Member Monday: Grandmother’s Skirt by Alicia McCauley

Welcome back to Member Monday. Today we feature an essay by Alicia McCauley. Alicia is a teacher, a writer and the President of Vigilante Kindness. Her essay, Grandmother’s Skirt, was recently published in Chicken Soup for the Soul: Merry Christmas. Welcome, Alicia.

Grandmother’s Skirt

by Alicia McCauley

A tiny crack splintered through my heart when I hung my grandmother’s skirt up in my closet this Christmas.  It’s a red and green plaid skirt that sits perfectly on my hips and floats at my knees, a traveling pants sort of miracle being that I’m six feet tall and my grandmother was five feet tall on her tallest days.

The skirt is one of two items I took from her closet when she passed away.  The other was a bland oatmeal sweater that smelled like her.  I kept that sweater on for days after she died, breathing in her smell even as I laid in bed nights, listening to the sounds that felt all wrong in her house.

But the skirt went unworn.  

The first Christmas season after she died, I couldn’t put it on without crying and so it hung at the back of my closet, its red and green merriment lost in a dark corner.  The second Christmas season after she died, I was able to wear the skirt with only the slightest quiver in my bottom lip when I looked in the mirror.

I paired my grandmother’s skirt with a black jacket zigzagged with zippers and tall, black boots with the skinniest of heels.  For good measure I added my favorite leather studded bracelet.  I remembered my grandmother wearing the skirt, so proper in her heels and pantyhose and a red sweater on top.  She would’ve laughed and shaken her head at her modest skirt paired with my hints of edginess.  

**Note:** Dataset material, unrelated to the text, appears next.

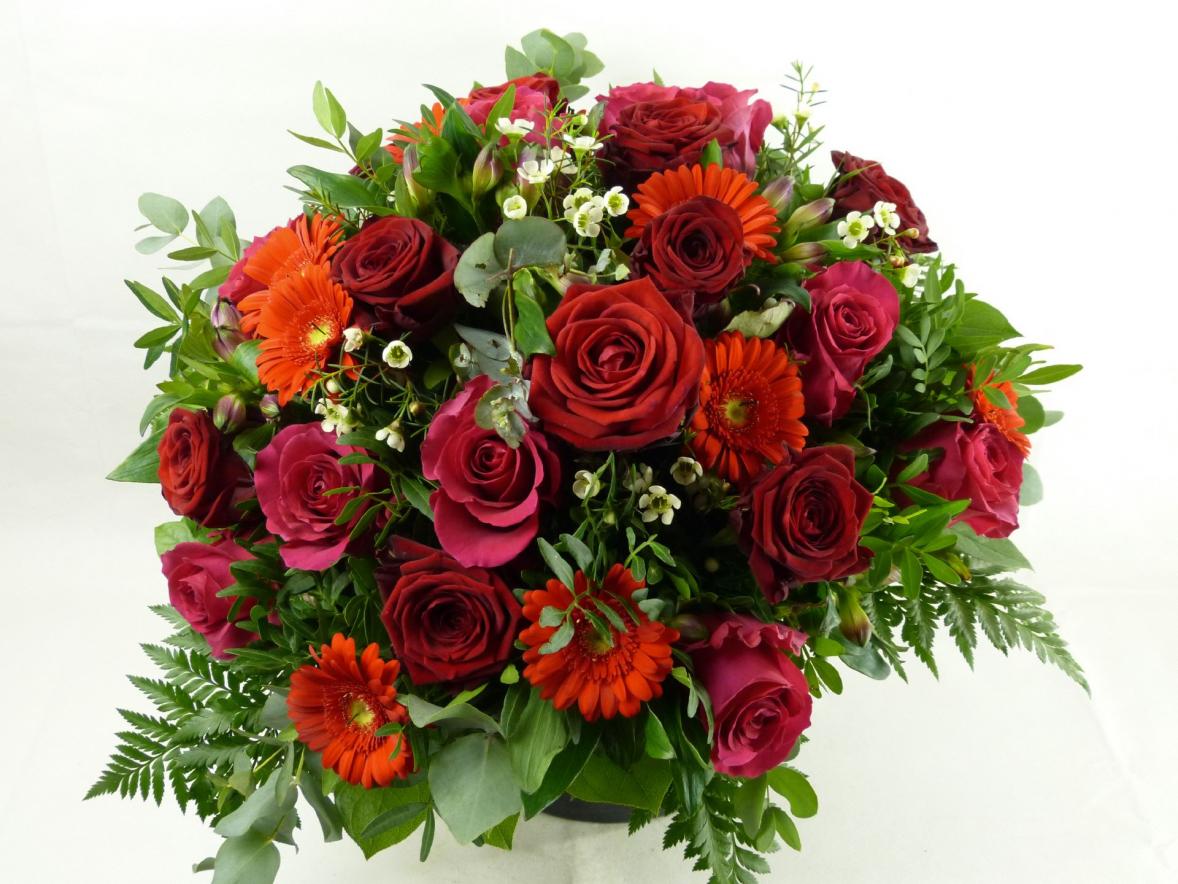 Der Name und das Bild sagen alles. Gefertigt aus roten und pink Rosen, roten Germini, Waxflower mit verschiedenem Grün, wunderbar rund aufgebunde.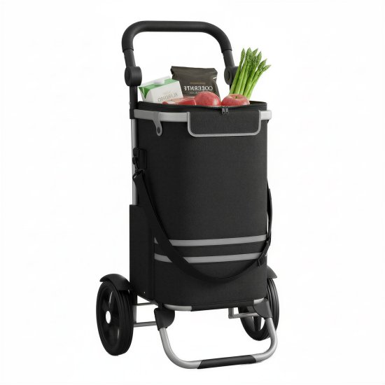 Ovaj sklopivi kolica za kupovinu nudi praktično rješenje za nošenje namirnica i svakodnevnih potrepština. Sadrži uklonjivu torbu i hladnjak koji pomažu u održavanju svježine i organizacije predmeta tijekom kretanja. Reflektori povećavaju sigurnost tijekom upotrebe.

A thousand times I wanted to send her a photo.  I wanted our pictures to stand next to each other, each of us wearing this magical skirt, her red lipsticked mouth smiling next to my own pale grin.

Every single time I took her skirt out for a spin, I was showered with compliments.  I’m not fashionable or trendy in any sense of those words.  I’m gangly and awkward and when I can find pants that don’t look like I’m readying for a flood, that’s a fashion win in my book.

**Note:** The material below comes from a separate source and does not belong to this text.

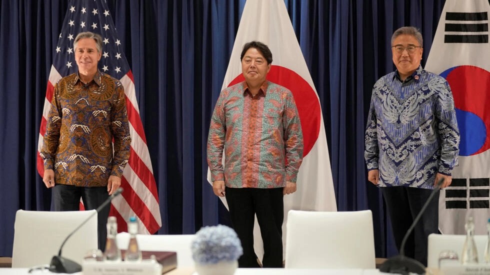 Ngoại trưởng Hoa Kỳ, Hàn Quốc, Nhật Bản đã họp khẩn về mối đe dọa từ Bắc Triều Tiên vào ngày 14/07/2023, tại Jakarta, Indonesia, bên lề các hội nghị thường niên của ASEAN. Trong tuyên bố chung, ba bên đã « lên án mạnh mẽ vụ thử một tên lửa liên lục địa ICBM » được Bình Nhưỡng tiến hành trong tuần này.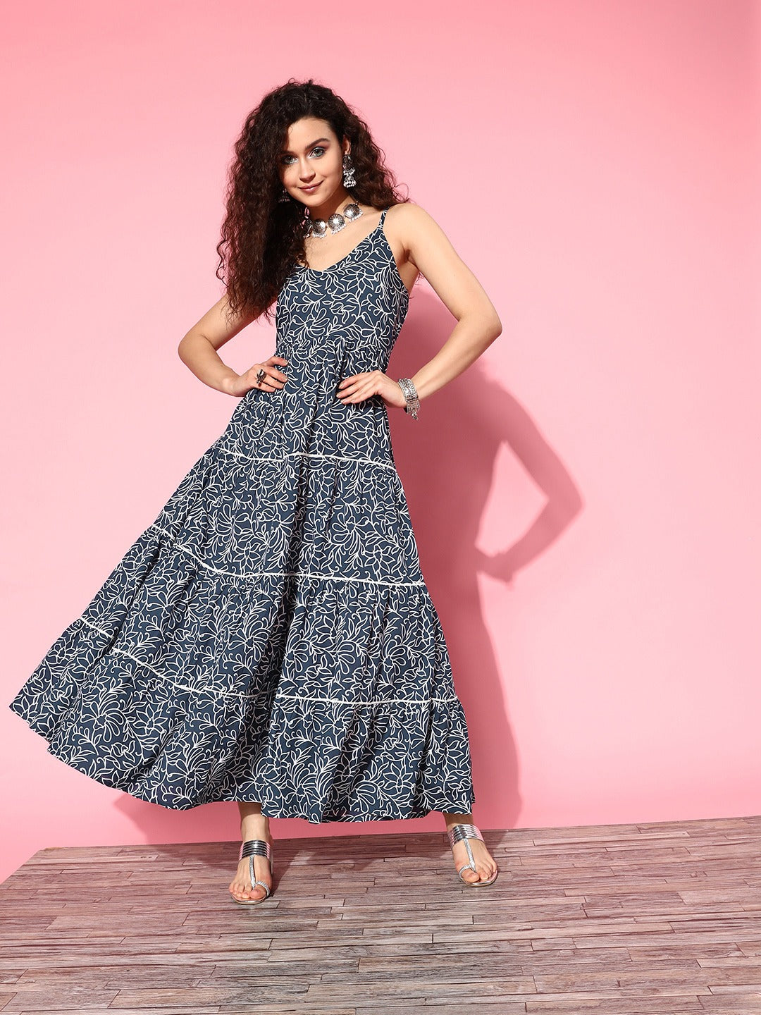 A perfect fusion of tradition and modernity. This chic floral cotton maxi dress is designed for the stylish woman who values comfort and elegance. The intricate patterns and premium fabric make it a standout piece. Add a touch of glamour to your wardrobe with cotton dresses for ladies.

When I stepped out in my grandmother’s skirt, it was a whole new experience.  Compliments were showered upon me.

“I love that skirt.”

That is a fantastic skirt!”

You look radiant in that skirt.  It really brings out the color in your cheeks.”

Needless to say, I felt great in that skirt, so great that I carefully put it in my clothing rotation as often as possible.  I took the skirt to see ‘It’s a Wonderful Life’.  I wore it to three Christmas parties.  I wore it to the Christmas sing-a-long on the last day of school.  Finally I donned it for our Christmas morning church service.

As we read the Communion passage, I held the plastic Communion cup, complete with wafer sealed on top, and swirled the grape juice so that it coated the sides of the cup in red.  I thought about how Christ’s sacrifice covers my sins. I savored the wafer on my tongue and washed it down with the bittersweet juice, running red down my throat.

After church and after all the gifts were opened, a knot caught in my throat when I hung my grandmother’s skirt up that Christmas afternoon.  I ran my hand over the wool and slipped the skirt back into the recesses of my closet.  

Later that day I strapped on my helmet and pedaled out for a Christmas bike ride.  Under a blindingly blue sky and with the taste of Communion still on my lips, I thought of all the gifts I’ve received this past year, both tangible and not.

I smiled because somehow in spite of her passing, my grandmother still manages to give incredible gifts.

In her skirt I felt vibrant.

I felt confident.

I felt beautiful.

And the most magical gift of my grandmother’s skirt is that when I took it off and placed it back in the closet, all of those feelings still remained.